Explanation: - --alignment-type query selects the query-to-signal mappings. - --motifs-file loads motifs (e.g., ATGCGT, TTTAAA, etc.) from a FASTA file. - --strategy interpolate 50 creates uniformly sized signal vectors (50 samples per base). - nested output preserves per-base signal arrays in Parquet — ideal for machine learning input.

Detailled (minimal) processing example

The following examples shows what gets calculated and how it gets written to file with different output settings. We'll use the following example: - reference to signal alignment of two reads: 1. readA maps to chr1:3-8 2. readB maps to chr1:4-14 - reference regions of interest: - chr1:5-7 - chr1:12-13 - For base-wise stats, mean and dwell are used - For interpolation, a target size of 3 is used

0-based index:          0 1 2 3 4 5 6 7 8 9 0 1 2 3 4
1-based index:          1 2 3 4 5 6 7 8 9 0 1 2 3 4 5
Ref sequence:           A C G T|A G|C T A A A|G T|C T
                               |   |         |   |
readA:                      G T|A G|C T      |   |
readB:                        T|A G|C T A A A|G T|C
                               |   |         |   |
                               |   |         |   |
regions of interest:          chr1:5-6     chr1:12-13

Base-wise stats

fishnet reformat \
  --alignment [...] \
  --ref-regions "chr1:5-6" "chr1:12-13" \
  --strategy "stats" \
  --stats "mean" "dwell" \
  --out [...] \
  --output-shape [...]

For the example, we'll suppose that mean and dwell are chosen for stats. Accordingly, both statistics are calculated for readA at the 5th and 6th reference base, and for readB at the 5th, 6th, 12th and 13th base.
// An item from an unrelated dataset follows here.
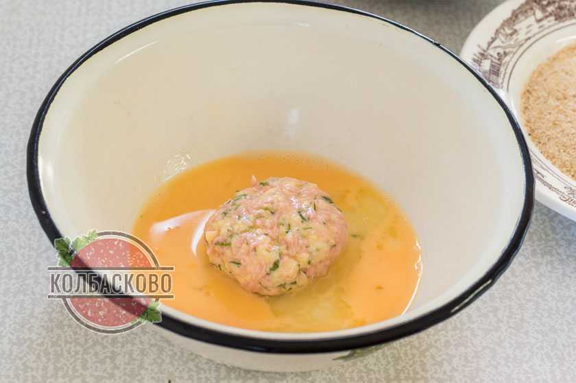 8. Из вымешанного фарша формируем котлеты небольшого размера (крупные лучше не делать, так как при переворачивании они с большой долей вероятности сломаются и потеряют презентабельный вид). Если лепить трудно, можно смочить руки холодной водой, но чаще всего это не требуется. Сформированную котлету отправляем сначала в яйцо. Окунаем так, чтобы им была смочена вся поверхность котлеты.

The melted output would look like this:

read_id	start_index_on_read	region_of_interest	base_index	base	mean	dwell
readA	2	chr1:5-7	0	A	mA5	dA5
readA	2	chr1:5-7	1	G	mA6	dA6
readB	1	chr1:5-7	0	A	mA5	dA5
readB	1	chr1:5-7	1	G	mA6	dA6
readB	8	chr1:12-13	0	G	mA12	dA12
readB	8	chr1:12-13	1	T	mA13	dA13

The exploded format would look like this:

read_id	start_index_on_read	region_of_interest	base_0	base_1	mean_0	mean_1	dwell_0	dwell_1
readA	2	chr1:5-7	A	G	mA5	mA6	dA5	dA6
readB	1	chr1:5-7	A	G	mB5	mB6	dB5	dB6
readB	8	chr1:12-13	G	T	mB12	mB13	dB12	dB13

The nested format would look like this:

read_id	start_index_on_read	region_of_interest	bases	mean	dwell
readA	2	chr1:5-7	AG	[mA5, mA6]	[dA5, dA6]
readB	1	chr1:5-7	AG	[mB5, mB6]	[dB5, dB6]
readB	8	chr1:12-13	GT	[mB12, mB13]	[dB12, dB13]

Interpolation

fishnet reformat \
  --alignment [...] \
  --ref-regions "chr1:5-6" "chr1:12-13" \
  --strategy "interpolate" \
  --target-size 3 \
  --out [...] \
  --output-shape [...]

For the example, we'll suppose that interpolation was performed with a target size of 3. This results in the interpolated signal for readA at the 5th and 6th base, and for readB at the 5th, 6th, 12th and 13th reference base.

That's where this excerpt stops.